Segment Open

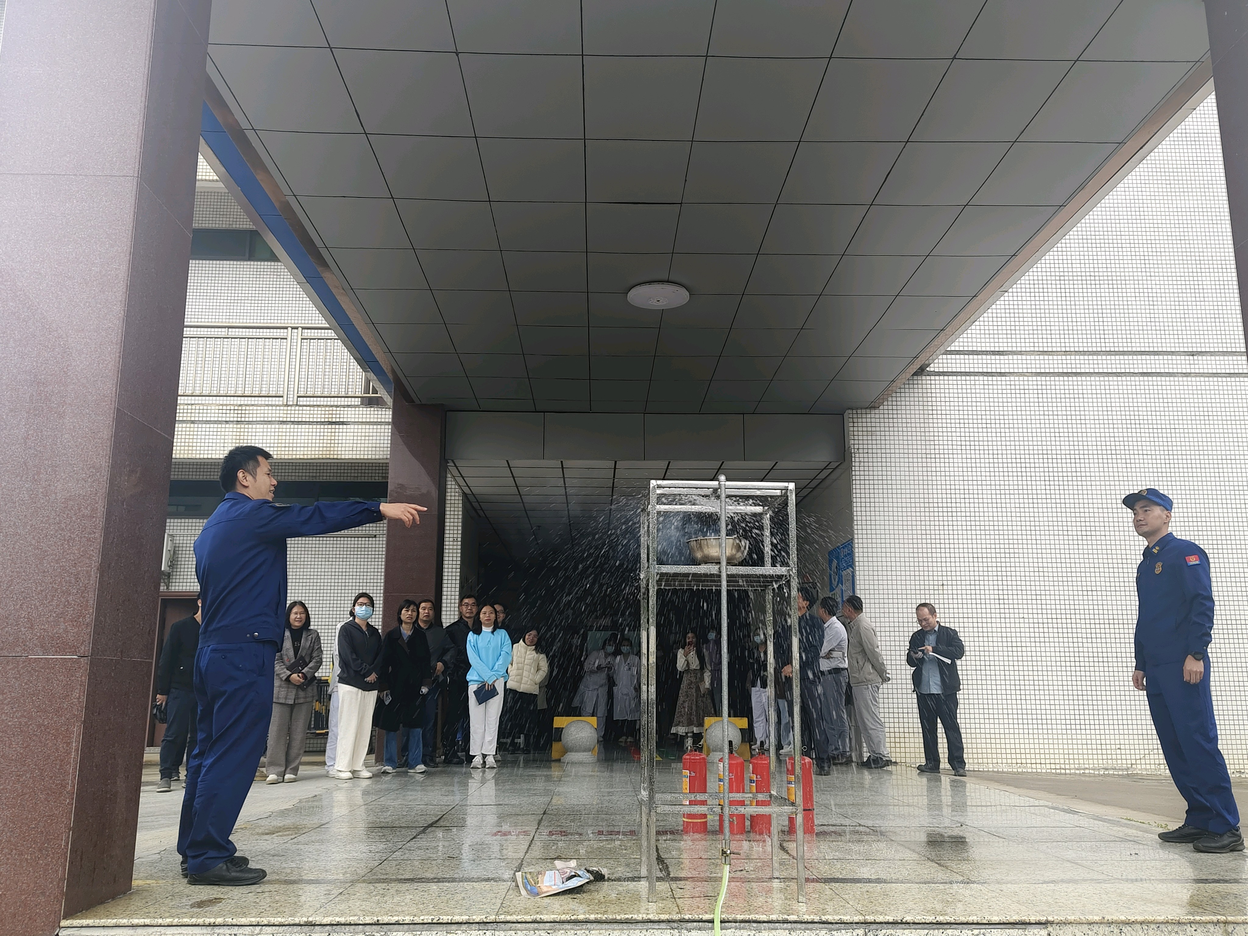 培训中,大队宣讲员首先进行了理论授课,重点讲解了如何排查整改火灾隐患、如何正确报火警、如何组织人员疏散逃生以及初起火灾的扑救方法等消防安全“四个能力”建设内容。随后,在灭火器实操环节耐心细致地讲解了干粉灭火器的构造、原理、使用范围及操作要点,并进行了标准示范。本次培训最大的亮点,在于对简易喷淋灭火原理的现场揭秘与演示。宣讲员一边操作,一边深入浅出地讲解其背后的科学原理:“这套简易系统模拟了专业自动喷淋系统的核心工作机制——热敏触发与局部精准灭火。它虽然简易,却能在火势初起的‘黄金一分钟’内,有效降低火场温度、延缓火势蔓延,为人员疏散和专业救援争取到至关重要的时间。”这一直观、生动的演示,将复杂的消防原理化繁为简,引得在场医护人员赞叹不已。
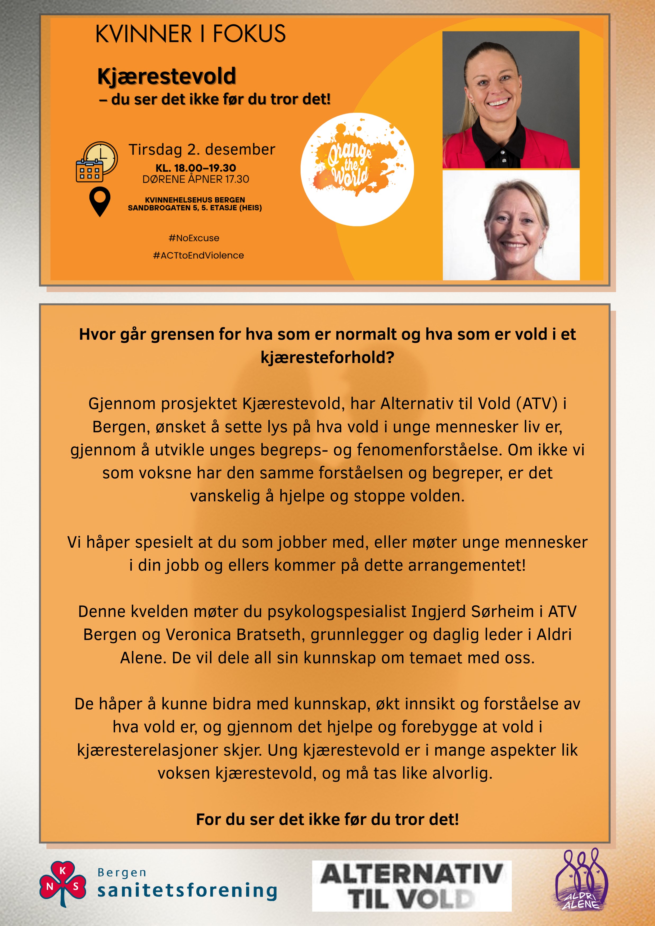 Velkommen til Kvinner i fokus tirsdag 2. desember. Tema denne kvelden er «Kjærestevold – du ser det ikke før du tror det!» Hvor går grensen for hva som er normalt og hva som er vold i et kjæresteforhold?
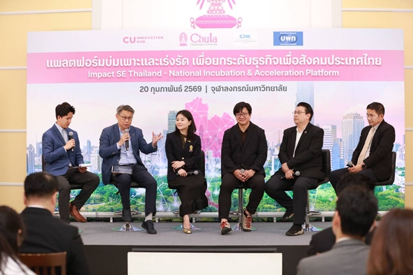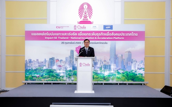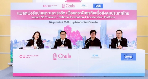 จุฬาลงกรณ์มหาวิทยาลัย ร่วมกับ หน่วยบริหารจัดการทุนด้านการพัฒนาพื้นที่ (บพท.) จัดพิธีแถลงข่าวการจัดตั้ง “แพลตฟอร์มบ่มเพาะและเร่งรัดเพื่อยกระดับธุรกิจเพื่อสังคมไทย (Impact SE Thailand – National Incubation & Acceleration Platform)” อย่างเป็นทางการ ในวันที่ 20 กุมภาพันธ์ 2569 ณ เรือนจุฬานฤมิต จุฬาลงกรณ์มหาวิทยาลัย โดยมีศาสตราจารย์ ดร.วิเลิศ ภูริวัชร อธิการบดีจุฬาลงกรณ์มหาวิทยาลัย เป็นประธานในพิธี พร้อมด้วยศาสตราจารย์ เภสัชกรหญิง ดร.พรอนงค์ อร่ามวิทย์ รองอธิการบดีจุฬาลงกรณ์มหาวิทยาลัย และ รองศาสตราจารย์ ดร.ปุ่น เที่ยงบูรณธรรม รองผู้อำนวยการ ฝ่ายแผนและยุทธศาสตร์องค์กร หน่วยบริหารจัดการทุนด้านการพัฒนาพื้นที่ สำนักงานเร่งรัดการวิจัยและนวัตกรรมเพื่อเพิ่มความสามารถการแข่งขันและการพัฒนาพื้นที่ (องค์การมหาชน) ตลอดจนผู้แทนหน่วยงานภาครัฐ ภาคเอกชน เครือข่ายนักลงทุน ผู้ประกอบการเพื่อสังคม นักวิจัย และภาคประชาสังคมเข้าร่วมงานอย่างคับคั่ง
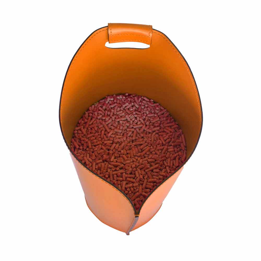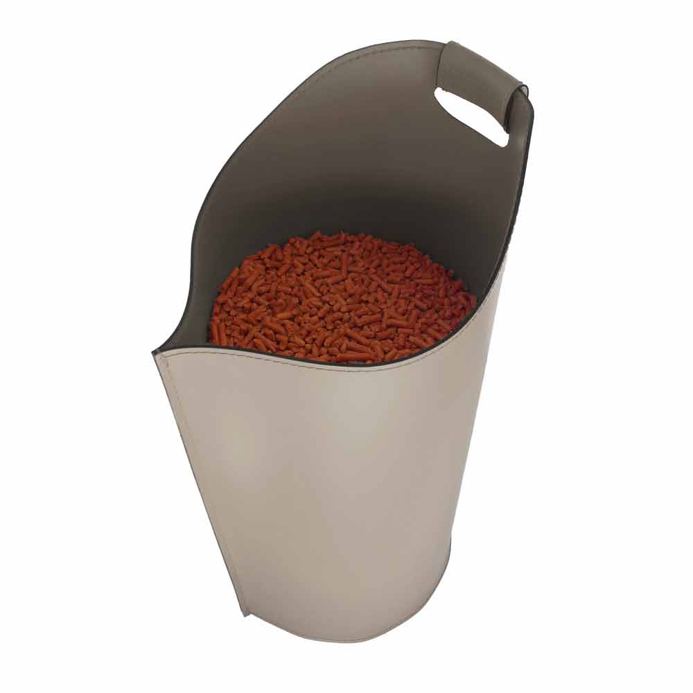 Cesta de diseño porta pellet 15 kg de cuero modelo Sapel
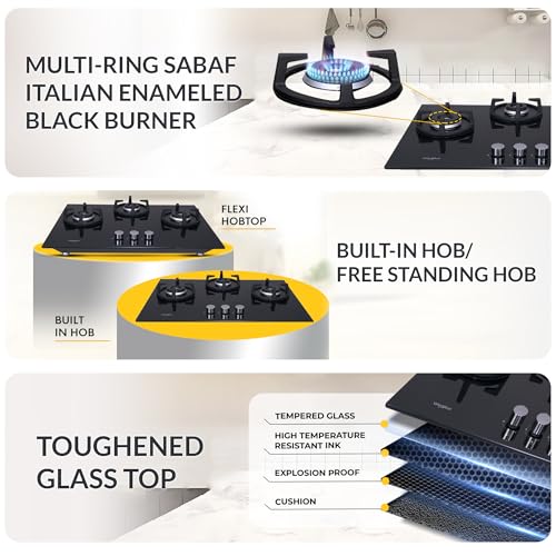 - High Efficiency Multi-ring Burner: The intellicook Multi-flame Sabaf Italian Enameled Black Burner hobs offer high efficiency flame levels best suited for Indian cooking needs with high flame and sim options | Flame Failure Device: No
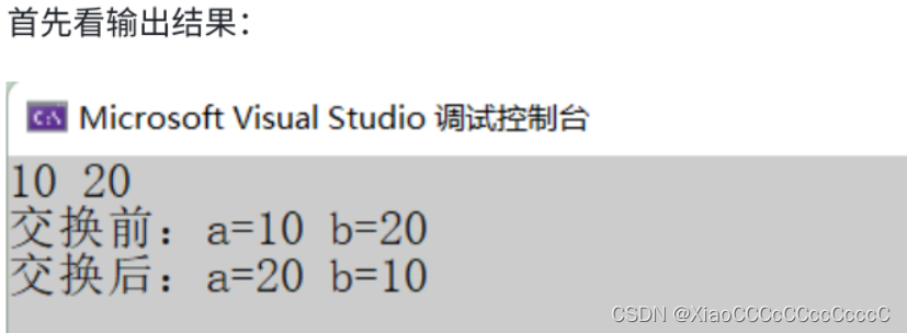 printf("交换后:a=%d b=%d\n", a, b);
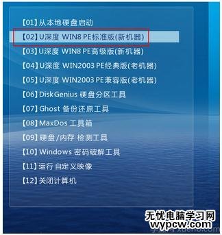 1、先將u深度u盤啟動盤連接到電腦,重啟電腦等待出現開機畫面時按下啟動快捷鍵,使用u盤啟動盤進入u深度主菜單,選擇【02】u深度Win8PE標準版(新機器),按下回車鍵進入,如圖所示:
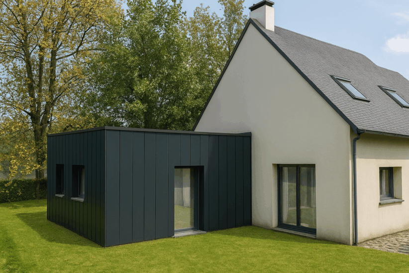 Cette extension se veut cubique pour apporter du modernisme à ce pavillon classique. L’habillage de cette extension est en zinc joints debout, matériaux à la fois esthétique et moderne. Le zinc offre de nombreux avantages : Il permet une excellente étanchéité et ne craint pas la corrosion, le zinc résiste parfaitement aux chocs thermiques pour un confort optimal été comme hiver.
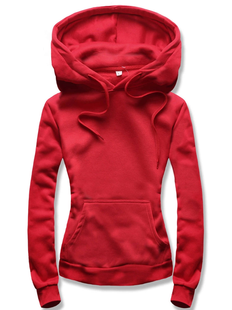 Czerwona damska bluza dresowa z kapturem kangurka
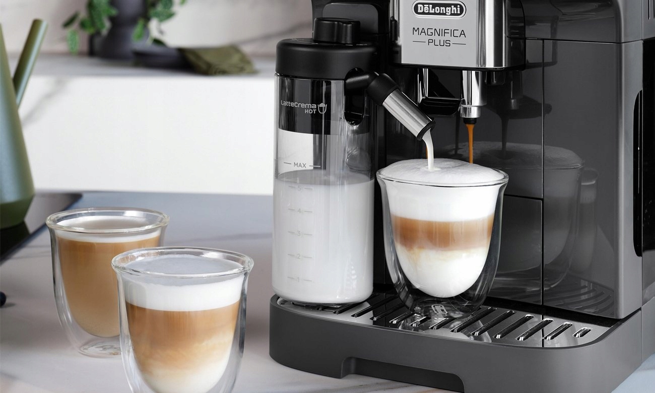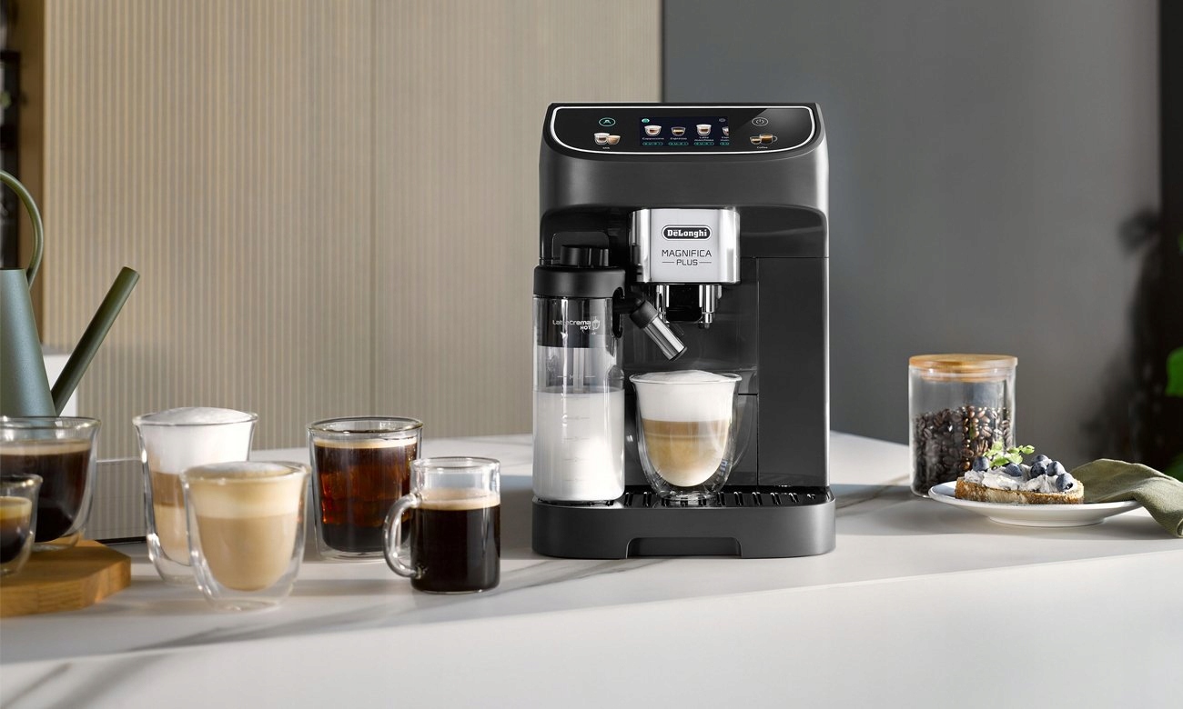 Magnifica Plus De’Longhi oferuje do 15 receptur dostępnych za dotknięciem jednego przycisku. Niezależnie od tego, czy masz ochotę na esencjonalną, czarną kawę, czy jej mleczny wariant, wystarczy chwila, aby cieszyć się perfekcyjnie zaparzonym napojem. Pozwala przygotować włoskie klasyki, m.in. espresso, coffee, doppio+, cappuccino, latte macchiato oraz caffelatte. Dodatkowo posiada funkcje gorącej wody oraz gorącego mleka, pomocne jeśli chcesz szybko przygotować herbatę, napar z ziół, kakao czy czekoladę na gorąco

Segment Closed

» Required work: Look above for the line containing "Velkommen til Kvinner", then write out every line from there down to the line containing "Czerwona damska bluza", that line included, with no pictures.

» Task response:
 Velkommen til Kvinner i fokus tirsdag 2. desember. Tema denne kvelden er «Kjærestevold – du ser det ikke før du tror det!» Hvor går grensen for hva som er normalt og hva som er vold i et kjæresteforhold?
 จุฬาลงกรณ์มหาวิทยาลัย ร่วมกับ หน่วยบริหารจัดการทุนด้านการพัฒนาพื้นที่ (บพท.) จัดพิธีแถลงข่าวการจัดตั้ง “แพลตฟอร์มบ่มเพาะและเร่งรัดเพื่อยกระดับธุรกิจเพื่อสังคมไทย (Impact SE Thailand – National Incubation & Acceleration Platform)” อย่างเป็นทางการ ในวันที่ 20 กุมภาพันธ์ 2569 ณ เรือนจุฬานฤมิต จุฬาลงกรณ์มหาวิทยาลัย โดยมีศาสตราจารย์ ดร.วิเลิศ ภูริวัชร อธิการบดีจุฬาลงกรณ์มหาวิทยาลัย เป็นประธานในพิธี พร้อมด้วยศาสตราจารย์ เภสัชกรหญิง ดร.พรอนงค์ อร่ามวิทย์ รองอธิการบดีจุฬาลงกรณ์มหาวิทยาลัย และ รองศาสตราจารย์ ดร.ปุ่น เที่ยงบูรณธรรม รองผู้อำนวยการ ฝ่ายแผนและยุทธศาสตร์องค์กร หน่วยบริหารจัดการทุนด้านการพัฒนาพื้นที่ สำนักงานเร่งรัดการวิจัยและนวัตกรรมเพื่อเพิ่มความสามารถการแข่งขันและการพัฒนาพื้นที่ (องค์การมหาชน) ตลอดจนผู้แทนหน่วยงานภาครัฐ ภาคเอกชน เครือข่ายนักลงทุน ผู้ประกอบการเพื่อสังคม นักวิจัย และภาคประชาสังคมเข้าร่วมงานอย่างคับคั่ง
 Cesta de diseño porta pellet 15 kg de cuero modelo Sapel
 - High Efficiency Multi-ring Burner: The intellicook Multi-flame Sabaf Italian Enameled Black Burner hobs offer high efficiency flame levels best suited for Indian cooking needs with high flame and sim options | Flame Failure Device: No
 printf("交换后:a=%d b=%d\n", a, b);
 1、先將u深度u盤啟動盤連接到電腦,重啟電腦等待出現開機畫面時按下啟動快捷鍵,使用u盤啟動盤進入u深度主菜單,選擇【02】u深度Win8PE標準版(新機器),按下回車鍵進入,如圖所示:
 Cette extension se veut cubique pour apporter du modernisme à ce pavillon classique. L’habillage de cette extension est en zinc joints debout, matériaux à la fois esthétique et moderne. Le zinc offre de nombreux avantages : Il permet une excellente étanchéité et ne craint pas la corrosion, le zinc résiste parfaitement aux chocs thermiques pour un confort optimal été comme hiver.
 Czerwona damska bluza dresowa z kapturem kangurka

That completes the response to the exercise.